So here is the range of sensors already trialed:

  • wind speed (external anemometer attached)
  • sunlight level
  • night light level (street light monitoring etc)
  • temperature
  • PM2.5 particulate levels
  • PM10 particulate levels
  • Gasses – CO, H2S, SO2, NO2, H2S
  • Humidity
  • People counting (PIR based anonymous counting)
  • Soil moisture levels (external probe)

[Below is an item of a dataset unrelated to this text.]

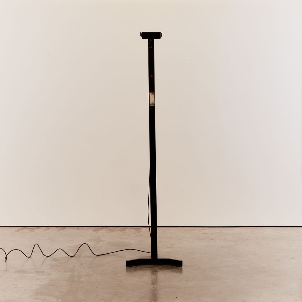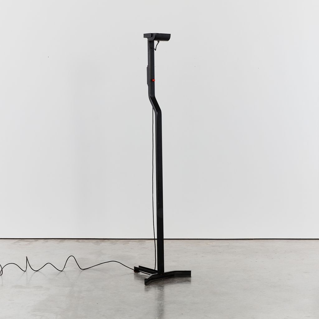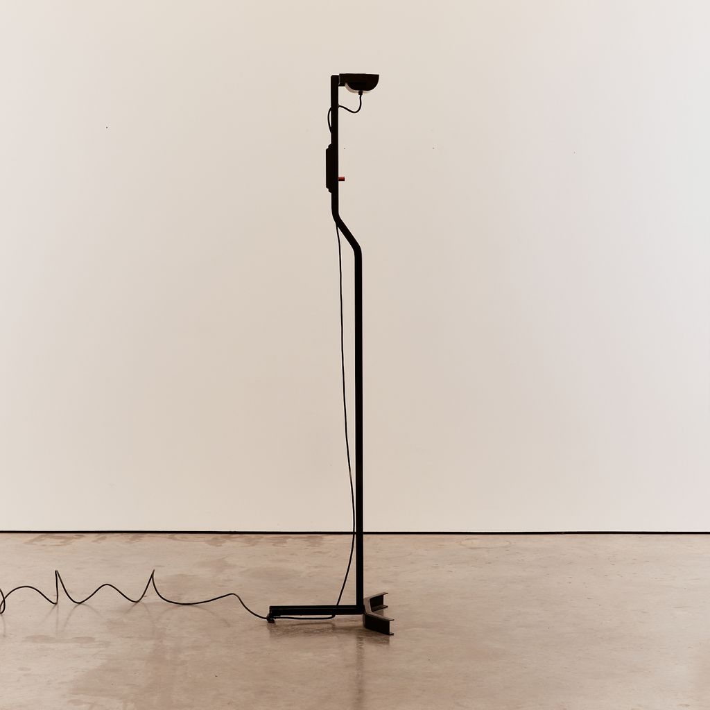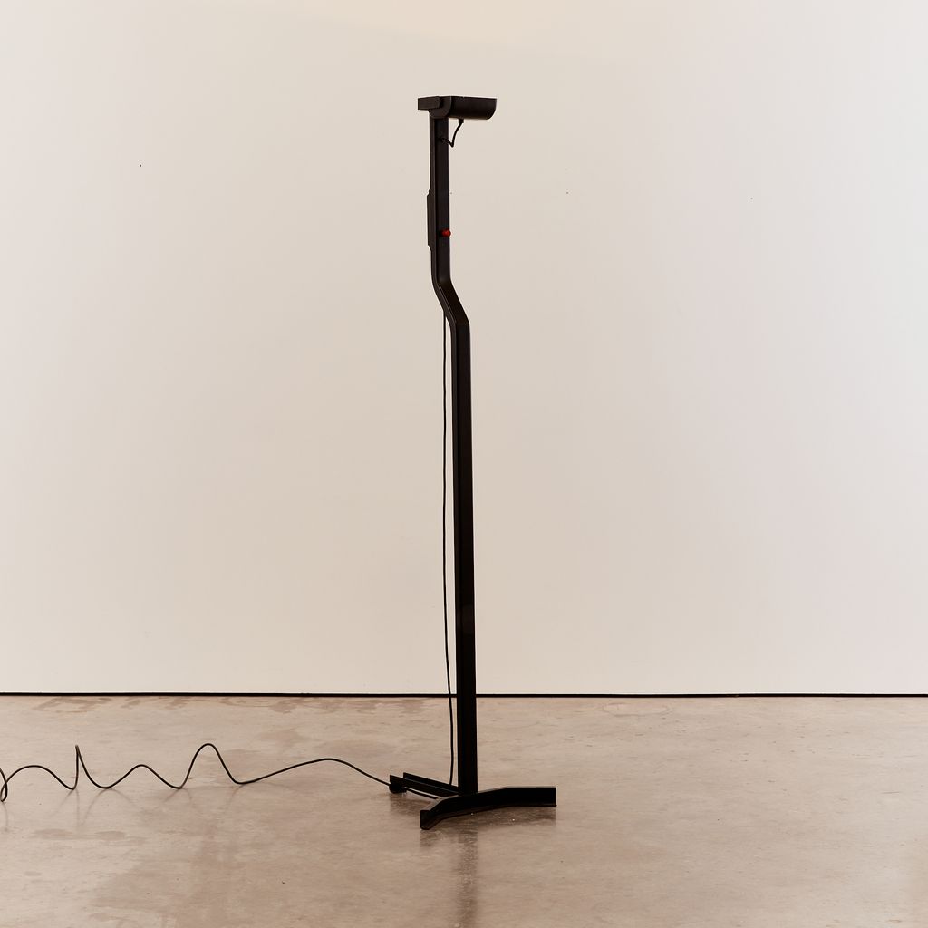 Sirio T floor lamp by Kazuhide Takahama with a matte black powder coating. No longer in production, this distinctive floor lamp features the hallmarks of Takahama's minimal/technical designs.

It is also the HUB and coordinator of a Sensor Area Network that can include modules that can measure any of the above as well as:

  • vibration
  • shock
  • movement
  • water level
  • GPS location
  • USB charger current (for usage analysis)
  • counting any device or system that has a pulse output
  • analog voltage measurements (AC and DC)
arcHUB trial at Fitzroy Gardens

arcHUB trial at Fitzroy Gardens

The arcHUB is solar powered and includes a cellular modem to allow reporting back to a web service. It is designed to mount to a pole using straps but can easily be mounted to a wall or any other typical structure. A typical scenario is measurements every 15 minutes (except people or pulse counting which are continuous) and uploading to the web service every hour.

With the release of CAT-M1 services across Australia by Telstra, we are expecting migrate to this communications standard because it will reduce power consumption by at least a factor of 4 which will further improve battery life.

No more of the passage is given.